The Importance of Exercise Intensity for Weight Control
Women are much more sophisticated about new weight-loss programs than they used to be. They are less apt to fall for dramatic weight-loss claims made by supermarket tabloids. The fact that exercising intensely will help you lose fat faster than any other weight-loss plan is supported by studies on animals and humans. Canadian and American studies found that women who trained intensely had more muscle and less fat than those who exercise at lower intensities. Women exercising more intensely in these studies lost much more body fat, even though they exercised for less time than women training at more moderate intensities.
You use more fat as fuel when you exercise slowly, but you lose more body fat when exercising intensely. High-intensity training, particularly when using interval training (bouts of intense exercise interrupted by rest), increases the release of fat from fat cells, fat use for fuel and metabolic rate after exercise more than low- or moderate-intensity exercise, so you lose more body fat. Also, high-intensity exercise decreases appetite more than moderate or low-intensity exercise.
The Secrets of ‘Successful Losers’
The National Weight Control Registry is a database of more than 5,000 people with a history of long-term successful weight loss and weight control. Ren Wing from Brown Medical School and James Hill from the University of Colorado founded it in 1994. Every year, participants answer a questionnaire about their weight control status and progress. The average person in the database lost 66 pounds and kept it off for more than five years. Weight loss varied from 30 to 300 pounds and the duration of successful weight loss maintenance ranged from one to 66 years. People also varied greatly in the rate at which they lost weight and the method they used to lose it. However, almost all the participants exercise regularly and cut down on caloric and fat intake. Here are the secrets of “successful losers”:
1. Almost all cut down on calorie intake to lose weight and continued eating fewer calories to maintain the weight loss.
2. Almost all exercised regularly. Most people chose walking as their main form of exercise, and 90 percent exercised an average of 1 hour per day.
3. Most (78 percent) ate breakfast every day.
4. Most (75 percent) weighed themselves at least once a week.
5. Most (62 percent) watched less than 10 hours of television per week.

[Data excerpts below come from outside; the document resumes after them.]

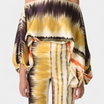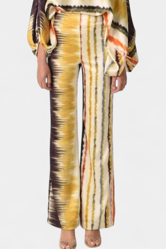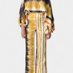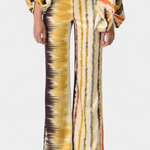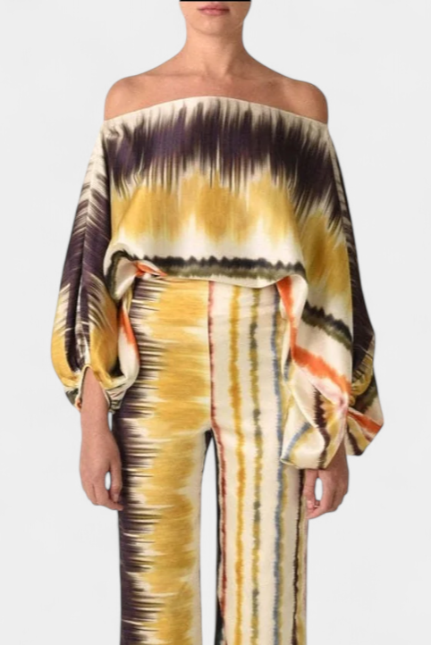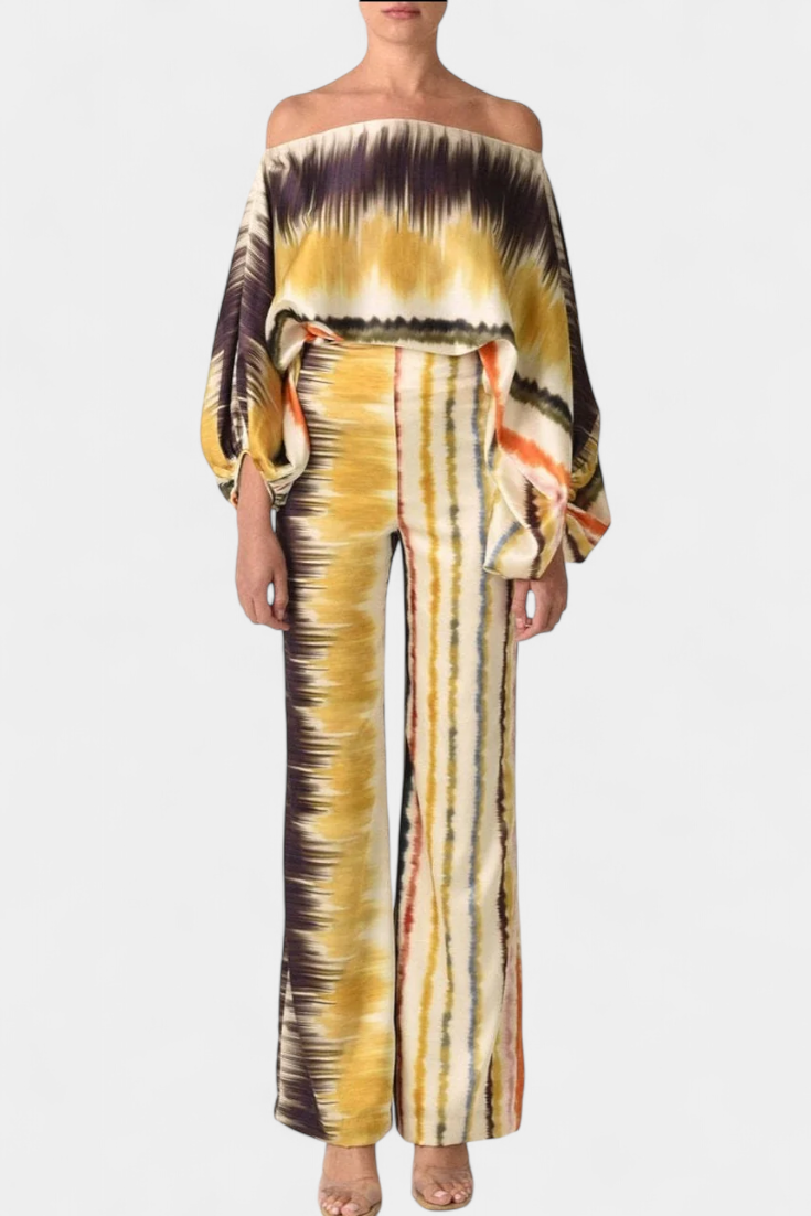 Découvrez l'ensemble Sybella, alliant style décontracté et touche romantique. Ce look unique comprend un haut à épaules dénudées et des manches bouffantes, associé à des pantalons à jambes larges avec un imprimé artistique.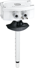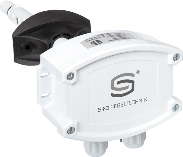 Maintenance-free microprocessor-controlled PREMASGARD® 814x - Modbus (series) with Modbus connection, in an impact-resistant plastic housing with quick-locking screws, connection piece for pressure hose (Ø 6 mm), plastic sintered filter (replaceable), optionally with ⁄ without display, for precise measurement of relative humidity (0...100 % RH) and temperature (-35...+80 °C) in ducts and for measuring the differential pressure (max. ± 7000 Pa) in air. International unit system SI (default) is set to Imperial (via Modbus). Incl. mounting flange and connection set ASD-06 (2 m connection hose, two pressure connection nipples, screws).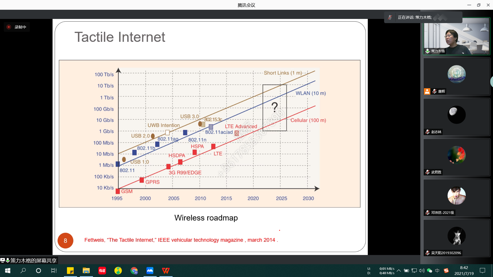 2021级研究生):在7.19-7.23这段本该放暑假的日子里,策力木格老师仍然抽出时间给我们讲述智能物联网方面的前沿知识。短短的五天时间一晃而过,然而老师总是能以先进的教学手段,理论联系实际,教学内容信息量大,重难点突出;从计算机网路技术和无线网络基础到新兴的物联网技术和边缘计算,再到物联网与计算智能集成的未来研究方向。我深刻的体会到了物联网发展历程与技术壁垒,受益匪浅。未来物联网的发展方向将向平台化、数据化和智能化方向发展,物联网最终的诉求将是“万物互联、万物智能”。物联网的平台化趋势是行业发展的必然,只有物联网实现了平台的规范性才能获得更大的发展空间。希望谨记老师教诲,学好专业知识,探索“万物互联”的新时代!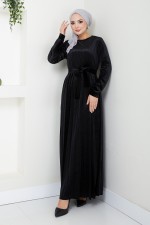 Pile Detaylı Kadife Elbise 2012EFY931-M Siyah

You’re interested in the bottom line: Does the program help you lose fat and make you look lean? Overwhelmingly, research studies show that intense exercise is best for losing fat. Train intensely, combining aerobic exercise, interval training and weight training, and you will lose weight and keep it off. Combine your program with a reduced-calorie, well-balanced diet and most women will lose 10 pounds and a dress size in only eight weeks.